One of my more interesting female ancestors was resident in the riverside village of Spyder-Upon-Whey, in the county of Curdshire, during the early nineteenth-century. Or at least that's what our treasured family coloring book says. Alas, the Muffet side of the family has always been somewhat of a mystery. Besides her pronounced arachnophobia, we know no more of Miss Muffet than what is contained within the pages of this heavily crayoned heirloom.
She was noticeably short, somewhat skittish and unconventional, preferring to sit on the ground during her woodland rambles rather than employing a deckchair, shooting stick or other alfresco seating device. Consequently, she appears to have suffered from an alarmingly red, sort of scribbly complexion with excessively rosy cheeks and an overall unnatural ruddiness extending to both her arms and legs. Her hair was a multi-fringed tangle of dark brown strands sticking out at strange, gravity-defying angles, as if it had been thrown on top of her head by a frustrated knitter of chunky brown sweaters.

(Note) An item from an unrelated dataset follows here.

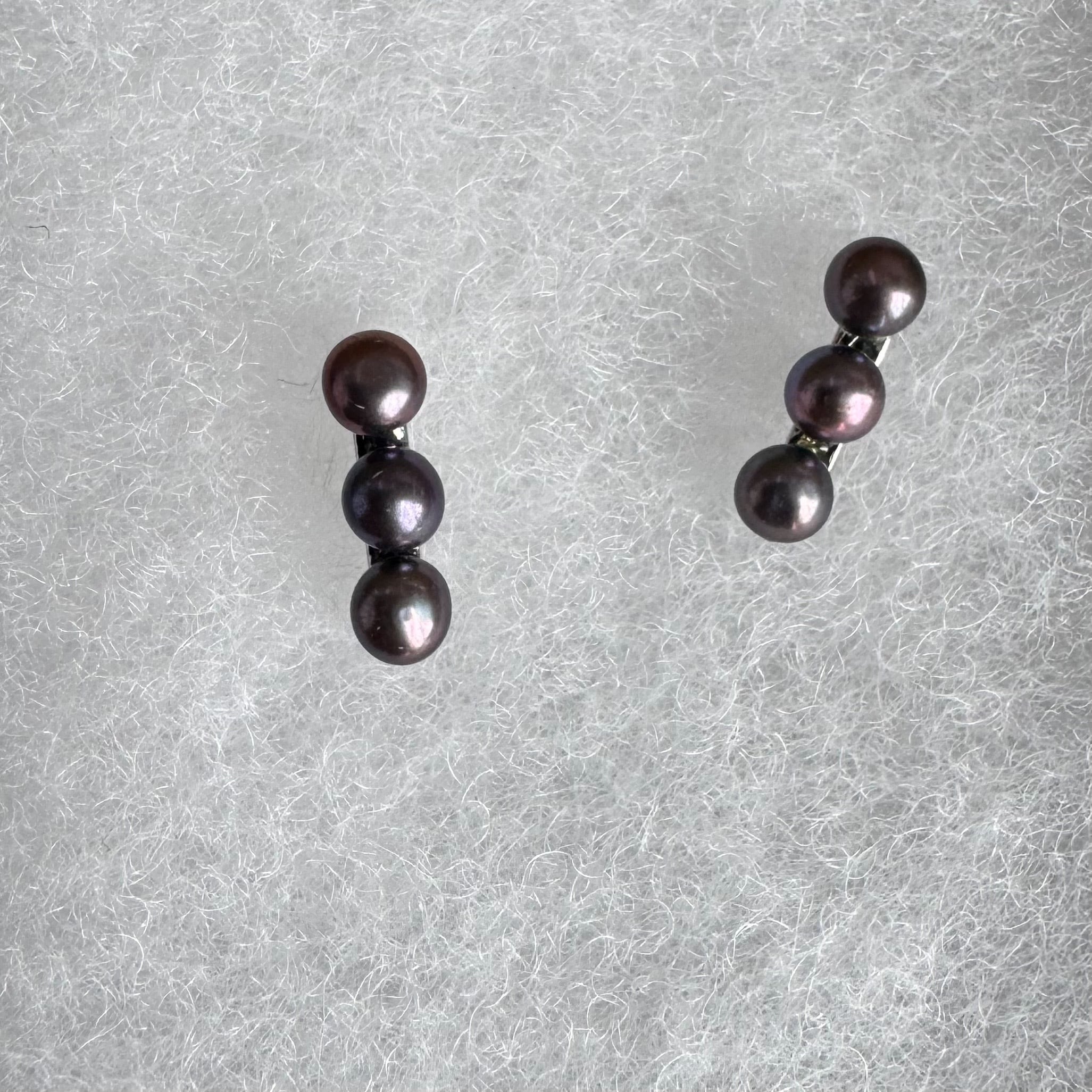 もち型と呼ばれるボタンのような形の高さのない淡水パールを3粒連ねた

Overall Miss Muffet must have looked extremely rough when judged by the genteel standards of her fellow Victorians, and such an unappealing visage has led my Great Aunt Mary Mary, always one to forward a contrary opinion, to suggest that Miss Muffet was probably a lesbian. But she's one to talk with all her pretty maids in a row.

My great Aunt Mary had a little lamb, she used to sit on a tuffet eating her curtains away.